Andrew Sentance, a former member of Bank of England’s Monetary Policy Committee, hit out at a new BoE policy to publish the minutes from its interest rate setting meeting on the same day as it announces its decision.
He told the BBC’s Radio 4 “Wake Up Money” show this morning that the “rushed out” minutes will create an “information overload” as the public will receive the decision, minutes, and the Quarterly Inflation Report all on the same day.
This is why today is dubbed “Super Thursday.”
He added that since the meeting and decision is now conducted the day before the decision is announced, this will create a great “security risk” because there is a chance that it could be leaked.

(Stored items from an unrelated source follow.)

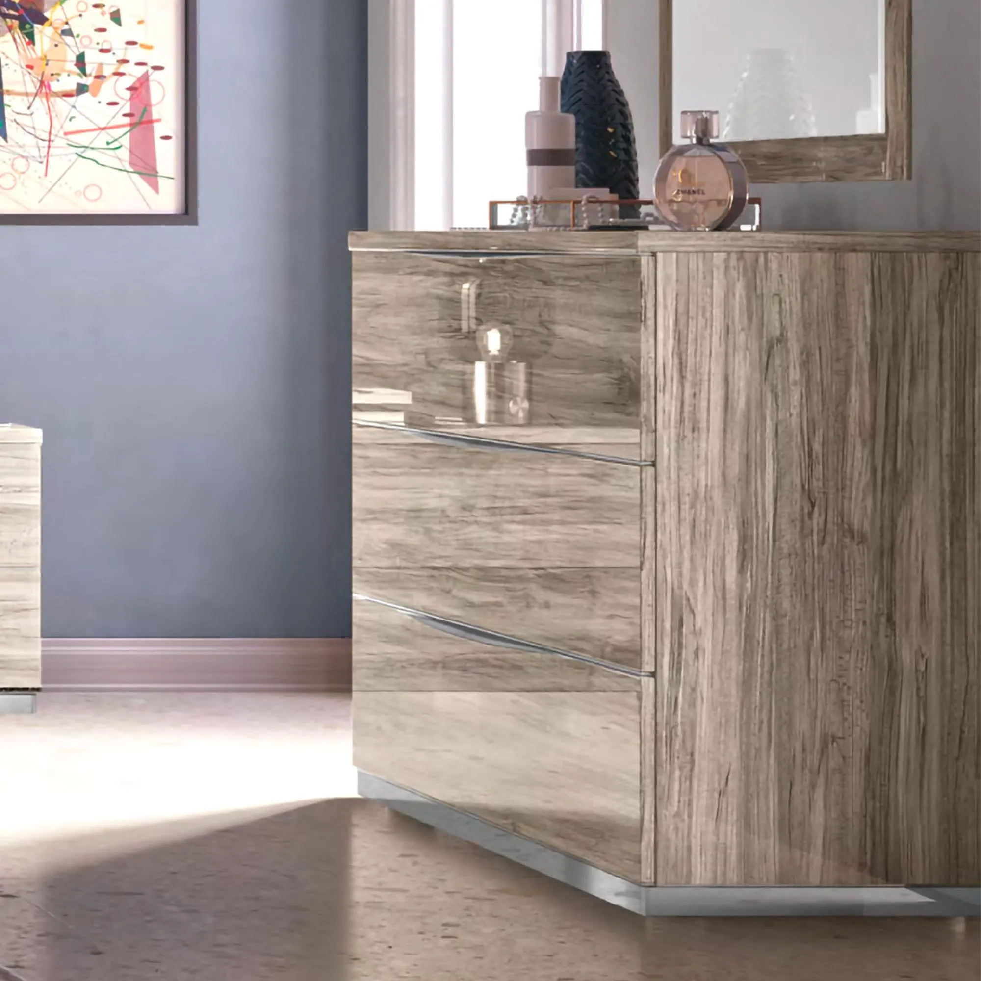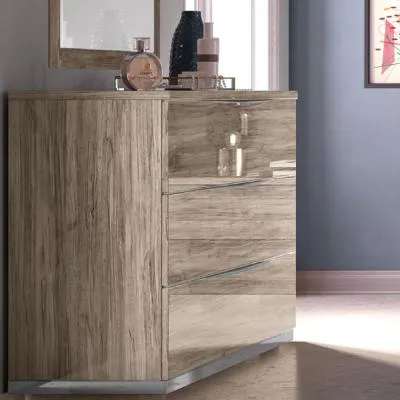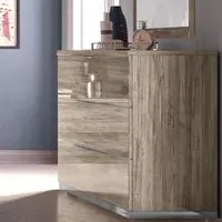 The Laura wall mirror features a square design with oak grain effect framing. Its grey finish adds depth to bedroom walls while reflecting natural light throughout the space. The mirror coordinates with the Laura bedroom collection, and the wall-mounted design saves valuable floor space.
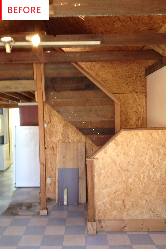 As if a plywood stairway weren't enough, this San Francisco house boasted plywood ceilings, peeling floors, and plastic bathroom walls—all in all, a "really terrible looking" 720 square feet. After a major renovation, the home now looks bright and modern, no plywood required.
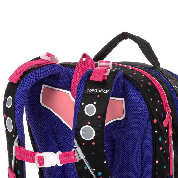 Hímzett pillangó minta, kék, rózsaszín színvilág teszi lányossá ezt a minőségi TOPGAL ergonomikus iskolatáska hátizsákot. Az ergonomikus hátizsák lányoknak. Praktikus elrendezésű, kényelmes, párnázott merevített hátlapja kíméli a gyerekek gerincét.
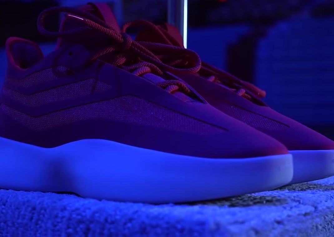 The sneaker retains its performance-oriented design and technical features but bathes the suede and mesh upper in a bright collegiate red finish. This includes the lace set, heel spoiler, tongue, and sockliner. Based on these images, it seems that neither school’s logos are applied to the sneaker, though we still see adidas branding on the heel tab and Fear of God labels on the heel of the sole unit.
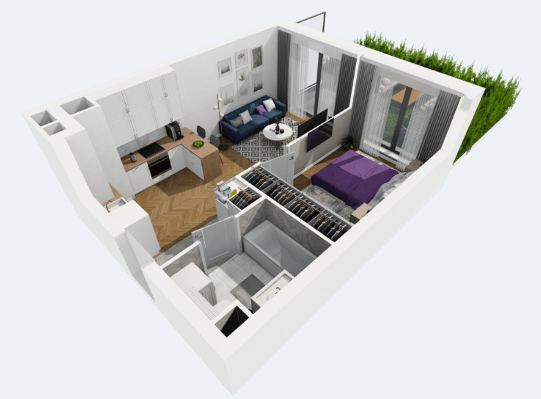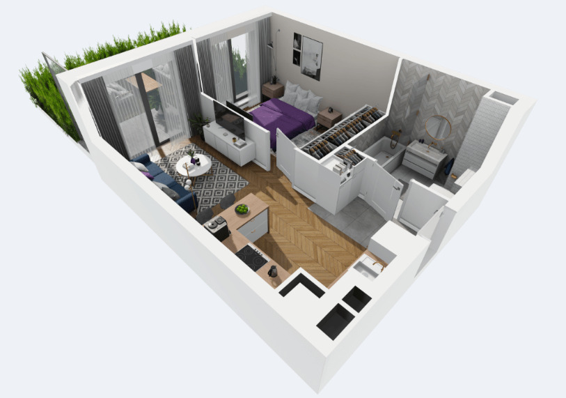 Przedstawione wizualizacje i grafiki mają charakter wyłącznie poglądowy i stanowią wyłącznie materiał pomocniczy, ułatwiający zorientowanie się w ogólnym wyglądzie oferowanej nieruchomości.
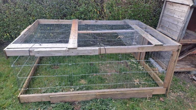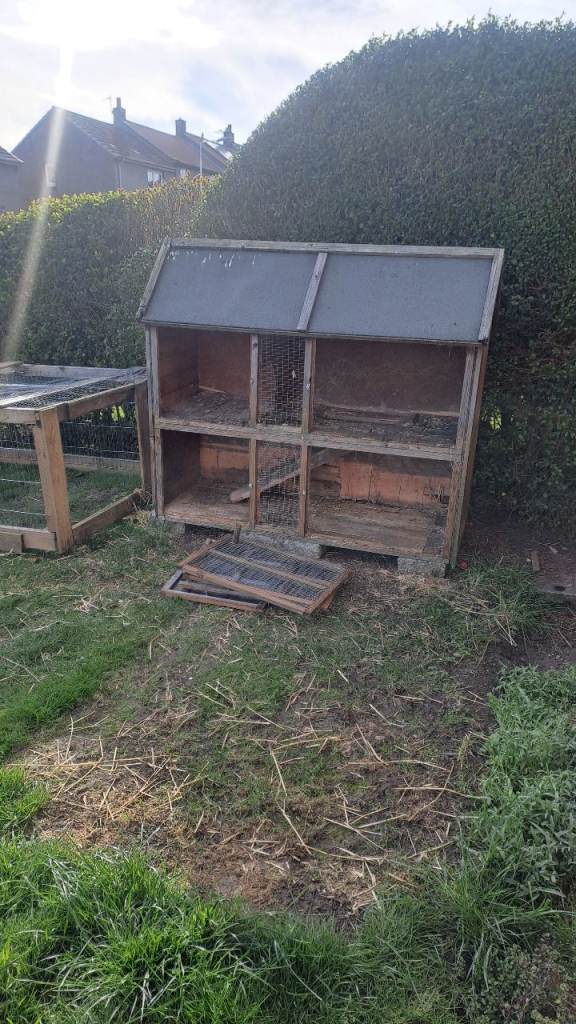 Sturdy and really handy for an extra wee space for bunnies or guinea pigs. The run and hutch are free to a good home. The hutch isn't in the best of conditions but it is water tight. We replaced the floors last year. The roof could do with a fix up but it doesn't leak. Took the doors off to clean it out.
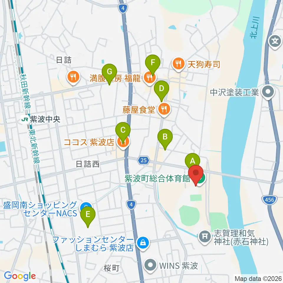 紫波町総合体育館周辺の駐車場・コインパーキング一覧地図

The BoE previously waited two weeks before publishing the minutes from its meeting about how it came to the final decision to whether to move or keep interest rates unchanged. It also includes how and which way members voted. However, it changed its policy to publish the minutes as well as its decision to the same day.
The change in policy was intended to be “more transparent,” said BoE governor Mark Carney earlier this year.
This now means that BoE members only have 18 hours from the when the meeting took place, a Wednesday, to write up the notes, redraft and edit and get it ready for release on a Thursday. Previously, “there used to be two rounds of drafts and members of the MPC would then comment and then meet to agree the final version of the minutes,” said Sentance.
Sentance, who is now a senior economic advisor for accountancy firm PwC, said this could lead to minutes that are “not as informative” as they used to be.
The BoE is set to reveal that UK interest rates will remain unchanged at a record of low of 0.5% at 12.00 p.m. BST. Rates have stayed this way since March 2009.
However, Sentance said that it’s likely that “two or three members of the committee” voted for rise in rates. He added that he thinks rates will rise this year.